Astonished & Amazed
Teaching With Authority
When Jesus taught, it was like nothing anyone had ever heard.
Great crowds gathered wherever he went, hanging on his every word. He taught about God in a way that everyone could understand, and yet his words had a mysterious depth. He wasn’t afraid to condemn sin and to call his listeners back to God. He preached these religious and moral truths with an unparalleled insight into the human heart. But one aspect of his teaching was truly shocking to his listeners.
The people were astonished that Jesus taught with authority.
In the beginning of Mark’s gospel, Jesus and his disciples traveled to Capernaum, a town beside the Sea of Galilee. On the Sabbath day, when people gathered to worship God, Jesus began to teach in the synagogue. His listeners were “astounded at his teaching, for he taught them as one having authority, and not as the scribes.” (Mark 1:22) His fame began to spread throughout the surrounding region.
Jewish teachers usually relied on the authority of others.

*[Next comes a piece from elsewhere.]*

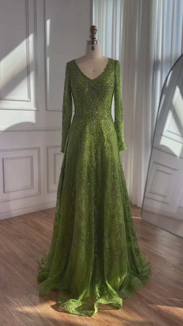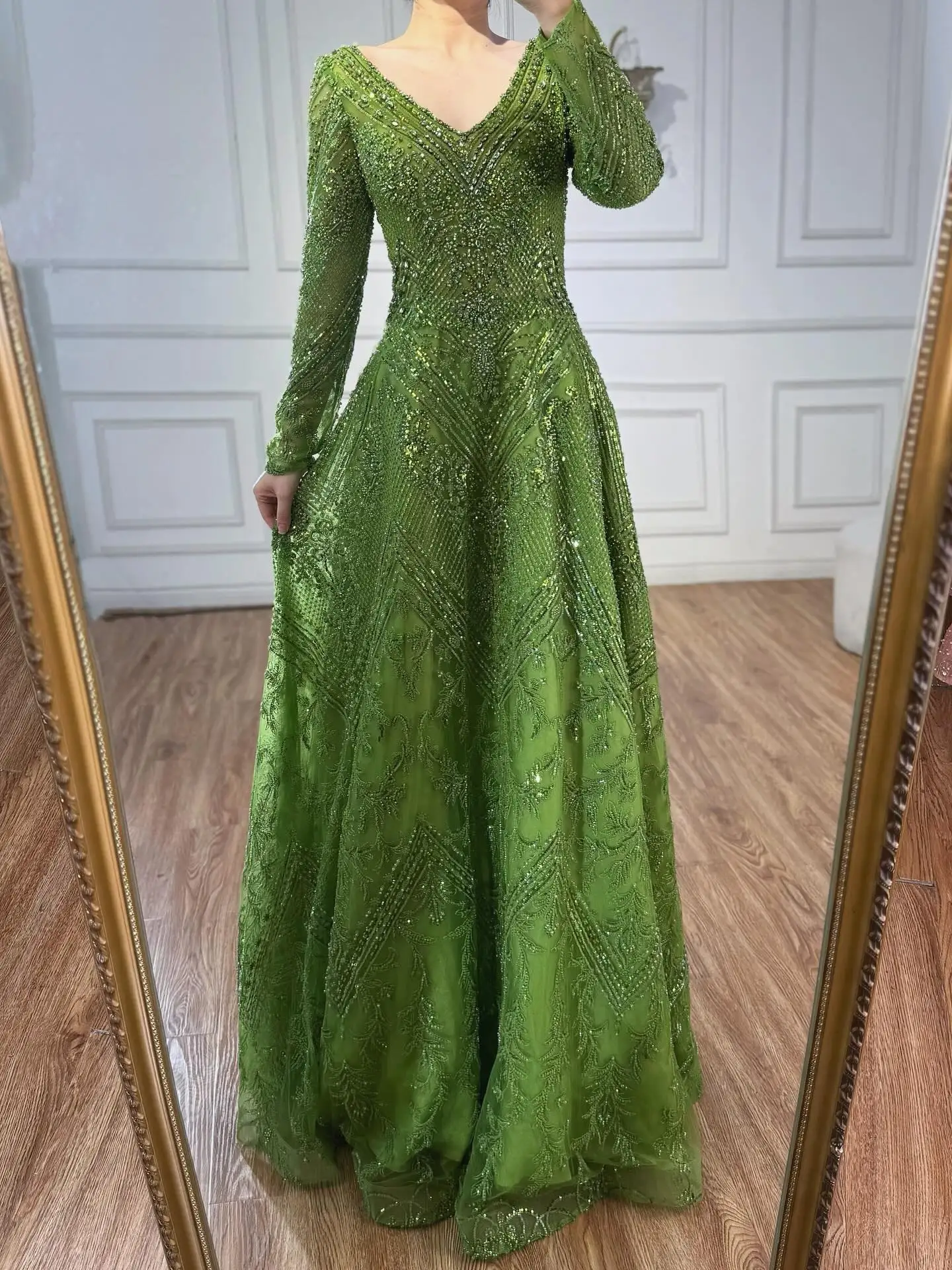 Luxury lime green lace beaded long sleeve evening dress LA73324 featuring elegant Dubai design for stylish women. Perfect for parties and special occasions.

Moses was revered as the greatest lawgiver in Israel’s history, yet he was not sharing his own wisdom, but rather what he received from God. This is why he and the other Israelite prophets usually prefaced their words with phrases like “God says” or “Thus says the Lord.” Similarly, in the days of Jesus, religious leaders such as the scribes would not teach from their own authority, but would constantly refer back to Moses and others who had gone before them.
Jesus taught as if he did not need any authority besides himself.

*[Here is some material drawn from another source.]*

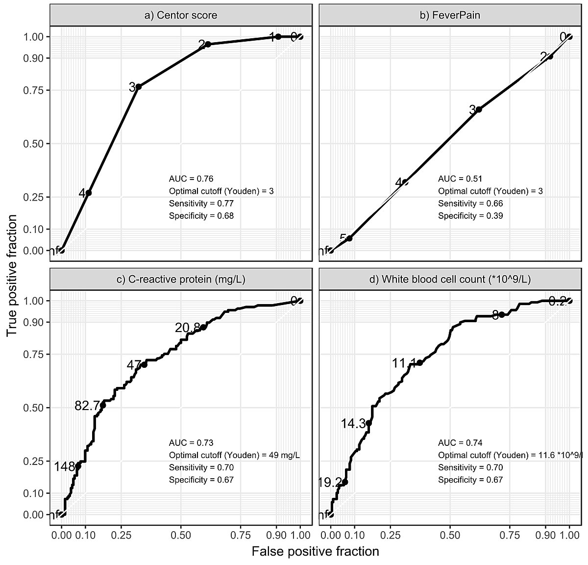Figure 2 shows the ROC curves for the Centor criteria and the FeverPAIN scores, C-reactive protein and the white blood cell count. The FeverPAIN score performanced was close to that of a random classifier (area under the curve [AUC] 0.51, sensitivity 0.66, specificity 0.39.). The Centor criteria, C-reactive protein and white blood cell count performed similarly (AUC 0.76, 0.73 and 0.74; sensitivity 0.77, 0.70 and 0.70; specificity 0.68, 0.67 and 0.67, respectively).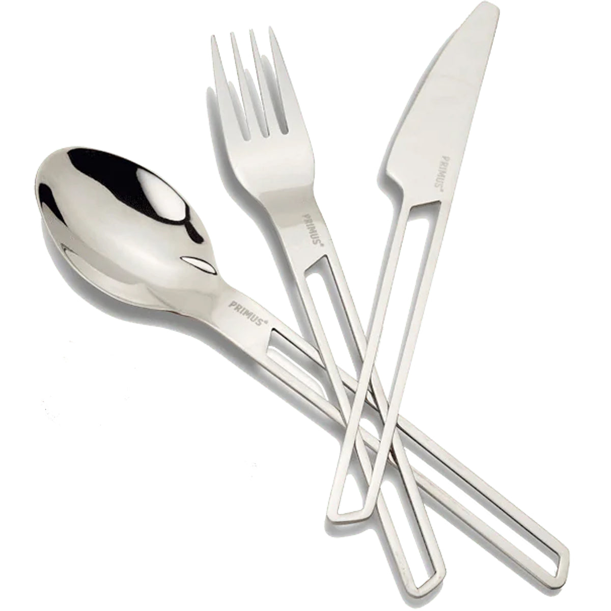 Das Primus Leisure Cutlery Set besteht aus einem Messer, einer Gabel und einem Löffel, die alle aus rostfreiem 18/8-Stahl gefertigt sind und sich leicht reinigen lassen. Alles lässt sich kompakt zusammenpacken, und eine Silikonmanschette sorgt dafür, dass alles an seinem Platz bleibt.

He did not usually support his preaching with appeals to Moses or the prophets. He actually does the opposite: changing or adding to the law received from Moses. On multiple occasions during his famous Sermon on the Mount, for example, Jesus references Mosaic law and then declares, “But I say this.” (Matthew 5) In his teaching, Jesus calls his listeners to reconsider some of the most sacred aspects of their religious identity, such as the Temple and the Sabbath day.

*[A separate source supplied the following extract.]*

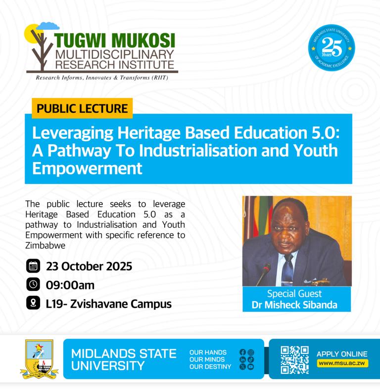 The public lecture seeks to leverage Heritage Based Education 5.0 as a pathway to Industrialisation and Youth Empowerment with specific reference to Zimbabwe.

Jesus acts as if he is the lawgiver, not merely its interpreter.
In our day, there would be an uproar if a NFL referee said, “The rulebook says that field goals are worth three points, but I declare they are now worth ten.” For his Jewish audience, the actions of Jesus are much more revolutionary. He is presenting himself as the new Moses, and even greater than Moses. Since the law was given to the Israelites by God himself, only God can change it. And yet this is precisely what Jesus does, as if he were God standing in their midst.
The teachings of Jesus still astonish and amaze us today.
When we take the time to read the gospels for ourselves, Jesus is revealed to be much more than the friendly teacher he is portrayed to be in popular imagination. He reveals the deepest truths about God and about how we are to live. The crowds press around him because their hearts yearn for truth and to be united with God. Two thousand years later, our hearts still ache with these same desires, and the teachings of Jesus resonate as powerfully as ever.